With this post, I’m starting a series of travel-oriented posts that will provide information about locations that I’ve recently traveled to. All the contents of this post and the images contained within are available for licensing or as prints. Contact me if you’re interested.
Gently laid down on the slopes of the Rif mountains in northern Morocco, beneath the peaks that gave it its name (derived from the Berber word for “goat’s horns”), Chefchaouen is a delight of narrow paved streets between houses whitewashed and painted in tones of powder blue, intriguing crafts shops, small restaurants, boutique hotels and hostels catering to the backpacking crowd.
Located close to Tangiers and the Spanish enclave of Ceuta, the now largely touristy town attracts crowds of Europeans, especially Spaniards, during the Semana Santa, so much that Spanish has become the foreign language mostly spoken by the locals. Despite the influx of visitors, Chefchaouen has retained much of the charm and magic of a city unlike any other in Morocco.
The origin of the city can be traced back to the year 1471. Founded by by Moulay Ali Ben Moussa Ben Rached El Alami, from its position high above the road from Tetouan to Fez, Chefchaouen controlled the traffic between those two important cities and acted as a fortress, defending the north of Morocco from Spanish, Portuguese, and Berber invaders. After the Moors and Jews were expelled from Spain, many found refuge there. It is said that the blue color of the houses originated in Jewish religious customs. Spain annexed Chefchaouen to Spanish Morocco in 1920, returning it to Morocco after the country regained its independence in 1956.
Today the city is divided between the new town, to the west, which doesn’t have anything of interest for the visitor, and the ancient medina, to the east, whose walls have recently been restored. The best way to visit the medina is to start at any of its entrances and just wander around, taking in the sights, sounds, and smells. The place is not huge, so don’t be afraid to get lost; eventually, you are bound to end up in its main point of attraction, the square Outa el-Hammam, with its many restaurants, the Great Mosque, and the entrance to the kasbah. Just keep in mind that many streets are quite steep, so good walking shoes and not being too out of shape are recommended.
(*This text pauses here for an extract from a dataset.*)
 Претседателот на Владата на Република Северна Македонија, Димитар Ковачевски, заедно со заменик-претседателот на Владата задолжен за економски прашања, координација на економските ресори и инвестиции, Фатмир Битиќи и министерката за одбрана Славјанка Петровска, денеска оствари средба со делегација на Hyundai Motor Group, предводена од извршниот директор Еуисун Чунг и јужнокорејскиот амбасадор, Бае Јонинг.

The architecture of most of the buildings is quite dissimilar from that of most Moroccan cities and reveals the Andalusian origin of many of its dwellers: cobbled roofs, ample windows with wrought iron grids, airy patios with trees are rather common.The people here are also definitely more relaxed than is usual around Morocco. You won’t be constantly harassed or begged for money, but know that, as soon as you get off the bus or start asking for directions, somebody will offer their services as a guide or as a porter. You will however appreciate the latter, in case you have booked one of the many hotels in the medina, since cars are not allowed in there.
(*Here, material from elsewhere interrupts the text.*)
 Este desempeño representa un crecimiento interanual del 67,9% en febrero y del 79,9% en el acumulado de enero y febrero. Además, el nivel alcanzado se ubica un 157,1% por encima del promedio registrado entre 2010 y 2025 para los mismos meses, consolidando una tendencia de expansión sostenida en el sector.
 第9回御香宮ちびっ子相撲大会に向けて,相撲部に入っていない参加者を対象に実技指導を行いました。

If you like photography, you will have lots of possibilities here, but also challenges. Try to find the right composition with the intersecting lines of walls and play with the different shades of blue, maybe with a splotch of color given by cloths hanging outside shops or exploit the contrast with the colorful djellaba of a passerby. An overcast day will afford the perfect conditions for bringing out the tones of the walls’ paint, while a sunny day will give you a chance to add one more nuance of blue to your palette.
For those interested in crafts, Chefchaouen offers some of the best chances to bring home some beautiful objects. The main industry is the weaving of textiles, especially woolen ones fashioned after the Berber style. Wrought iron artifacts, like lamps, and leather goods can also be found in the many shops that line the streets of the city. The surrounding countryside specializes in the production of olive oil and goat cheese and samples of those are available from many food shops in town. Another typical local product is kif, or hashish; the Rif region produces almost a third of the world’s crops, so it’s easy to find touts offering it to tourists and this commerce even attracts a specific group of them, but be warned that possession and consumption of marijuana are illegal in Morocco and the penalties can be severe.
Many opportunities are available to hikers who wish to explore the area around Chefchaouen, which offers natural springs, waterfalls, mountain paths, and forests.
Due to its position and elevation (600m), Chefchaouen’s climate is temperate and nights can be cool even in summer. During the winter, it is not unusual for temperature to get below freezing.